Hi. We hacked host status check a bit (check-host-alive) and changed it with custom script for needs of Nagios BPI.
Now we noticed that whenever host becomes CRITICAL (DOWN) service notifications are suppressed. We need somehow to avoid this suppression.
Is there any standard way to do that?
is d selected in the hosts notification_options?
Is it possible to disable such suppression shedding hardly any blood
define host {
host_name localhost
alias localhost
address 127.7.7.7
check_period 24x7
check_command check_service_my_new!$TOTALHOSTSERVICESOK$!$TOTALHOSTSERVICESWARNING$!$TOTALHOSTSERVICESCRITICAL$!$TOTALHOSTSERVICESUNKNOWN$
contact_groups admins
notification_period workhours
initial_state o
check_interval 5.000000
retry_interval 1.000000
max_check_attempts 10
active_checks_enabled 1
passive_checks_enabled 1
obsess_over_host 1
event_handler_enabled 1
low_flap_threshold 0.000000
high_flap_threshold 0.000000
flap_detection_enabled 1
flap_detection_options o,d,u
freshness_threshold 0
check_freshness 0
notification_options d,u,r
notifications_enabled 1
notification_interval 10.000000
first_notification_delay 0.000000
stalking_options n
process_perf_data 1
failure_prediction_enabled 1
notes_url http://10.0.101.10/nagios/cgi-bin/status.cgi?hostgroup=$HOSTNAME$&style=detail
action_url /nagios/cgi-bin/status.cgi?hostgroup=$HOSTNAME$&style=detail
retain_status_information 1
retain_nonstatus_information 1
}
The host looks ok…
has check_service_my_new the c option set in notifcation_options?
Yepp. Everything is OK and service notifications get delivered if host status command returns OK status. But when host is in DOWN state (in reality host is up and running) services notifications appears to be suppressed.
Do you understand the case?
I think i understood what has been described…
in the service definition do you have the c option selected in the notification_options?
It looks ike you have some configuration problem somewhere. Some notifications do get sent so you don’t have a generci config problem.
define service {
host_name localhost
service_description SSH
check_period 24x7
check_command check_ssh
contact_groups admins
notification_period 24x7
initial_state o
check_interval 5.000000
retry_interval 1.000000
max_check_attempts 4
is_volatile 0
parallelize_check 1
active_checks_enabled 1
passive_checks_enabled 1
obsess_over_service 1
event_handler_enabled 1
low_flap_threshold 0.000000
high_flap_threshold 0.000000
flap_detection_enabled 1
flap_detection_options o,w,u,c
freshness_threshold 0
check_freshness 0
notification_options u,w,c,r
notifications_enabled 1
notification_interval 10.000000
first_notification_delay 0.000000
stalking_options n
process_perf_data 1
failure_prediction_enabled 1
retain_status_information 1
retain_nonstatus_information 1
_DUMMYVAR 123
}
check_service_my_new is the one we were talking about
Do you see the critical notifications in the notifications page?
Wait-wait-wait-wait
check_service_my_new - is a script. It’s check command.

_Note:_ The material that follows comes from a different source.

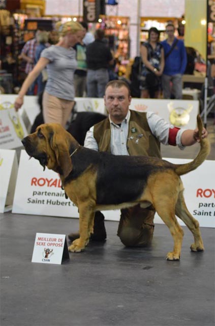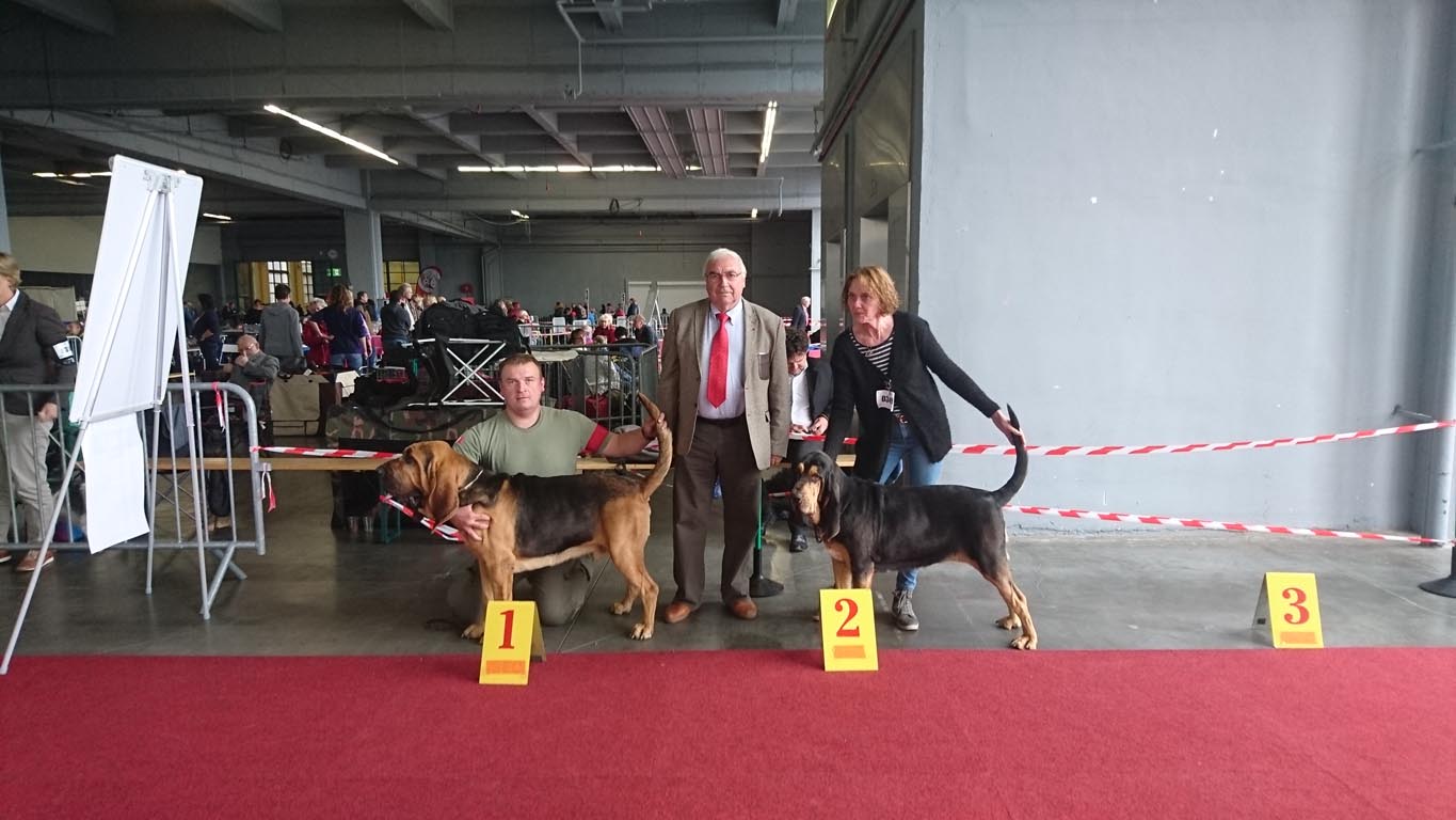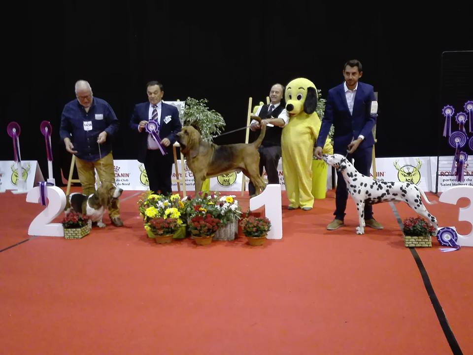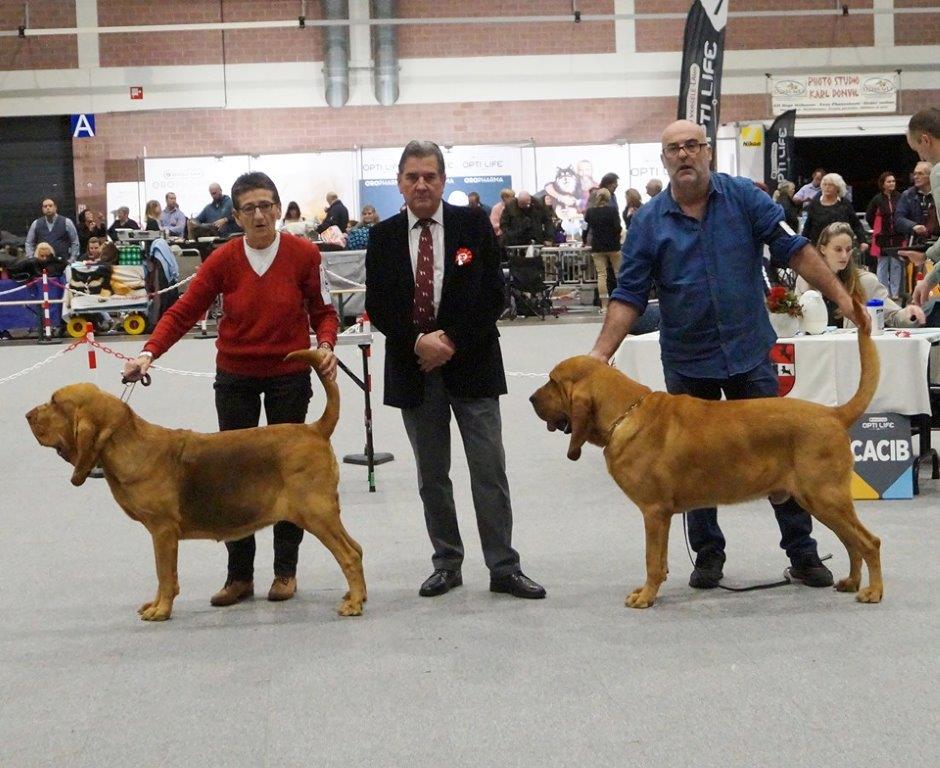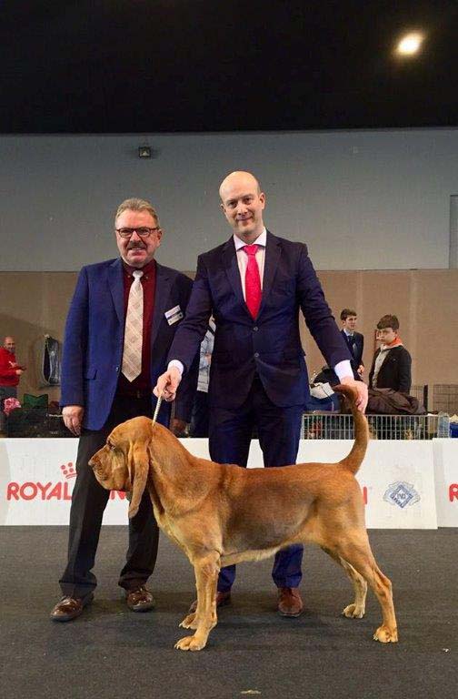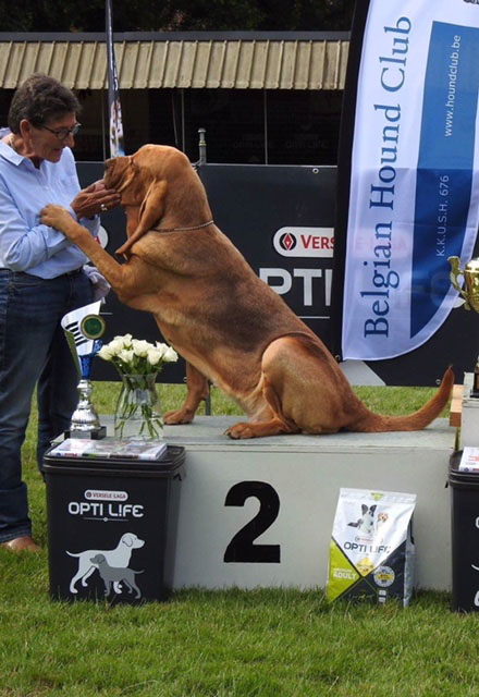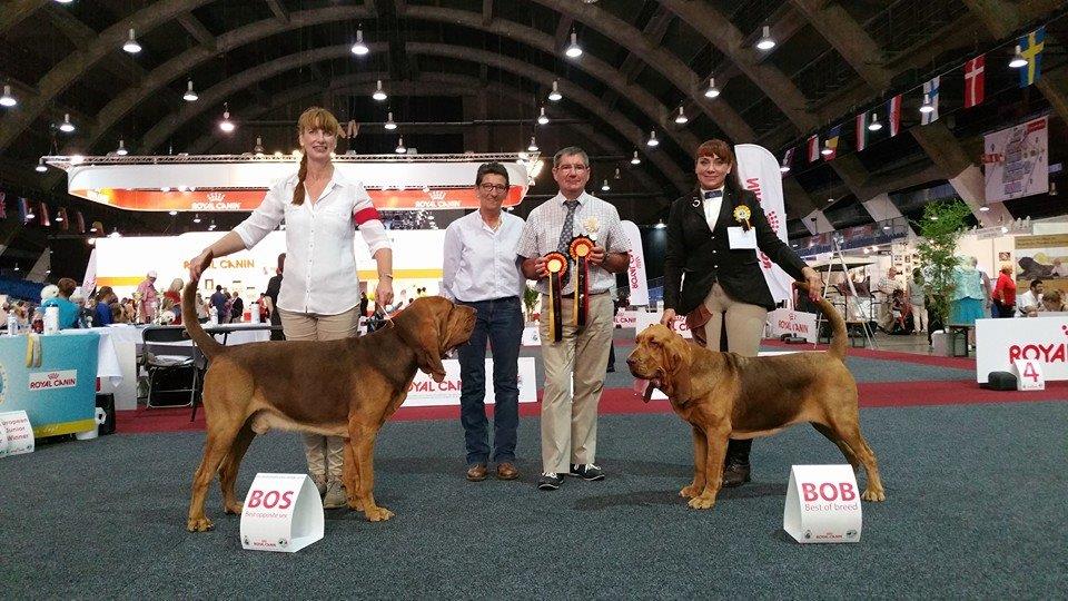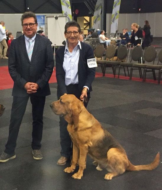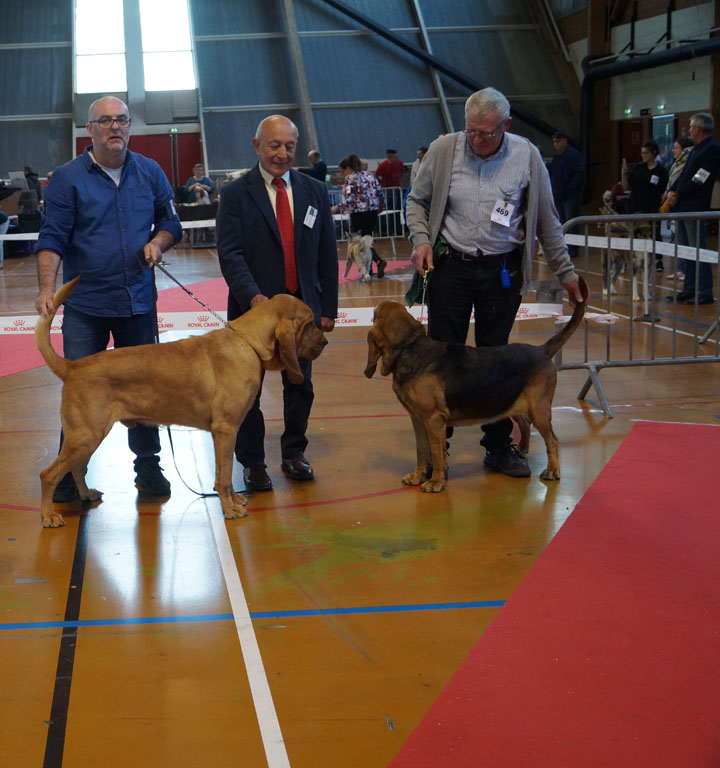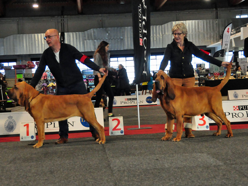- 25/06/2016 Judge: Mrs. De Ridder (B) Open class males: Ike of Robert's Choice: 1 VG Champion class males: Ch. Mortimer de la Voix Royale: 1 EX - CAC - Belgian Champion - 3rd Best Male in Show Ch. Merlin de la Meute d'Antan: 2 EX - RCAC Baby class females: Philomène Légende d'Autrefois: 1 VP - Best Baby Petra Légende d'Autrefois: 2 VP Puppy class females: Duna-Artemis Famous Alhavant: 1 P Junior class females: Orthense de la Voix Royale: 1 P Intermediate class females: Odyssée Truffe Médiévale: 1 VG Open class females: Noblesse de la Meute d'Antan: 1 EX - CAC - 3rd Best Female in Show Champion class females: Ch. Marylou de la Voix Royale: 1 EX - RCAC Ch. Marie Hera de la Meute d'Antan: 2 EX Ch. Mortimer de la Voix Royale & Ch. Marylou de la Voix Royale: 3rd Best Couple |

I showed you on of services which I’m working on.
When check_service_my_new returns UP state of the host, service SSH notification get delivered and displayed in the notifications page.
But when check_service_my_new returns DOWN state killing SSH daemon makes nothing more than displayed CRITICAL after SSH in the notifications page. Notification never get delivered about SSH service. The only notification being sent is notification about host state is DOWN.
By default when services are up NO checks are done on the host check.
when a service is down nagios checks if the host is up by doing the check-host-alive check.
If a host is DOWN no notifications should be sent for the services on that host. If a host is down how could a service be running?
You want the notifications for the single services to be sent if the host is down? I think i just understood your request now…
Not sure it can be done… i think it could… BUT anyway you could use an eventhandler script that sends out “fake” emails for the services when the host goes down.
As I mentioned before, in our case when host is in DOWN state it is actually bot down. Lets say ICMP ping becomes filtered somewhere on the network between nagios server and monitored host. Then host status turns DOWN, but services are working as expected.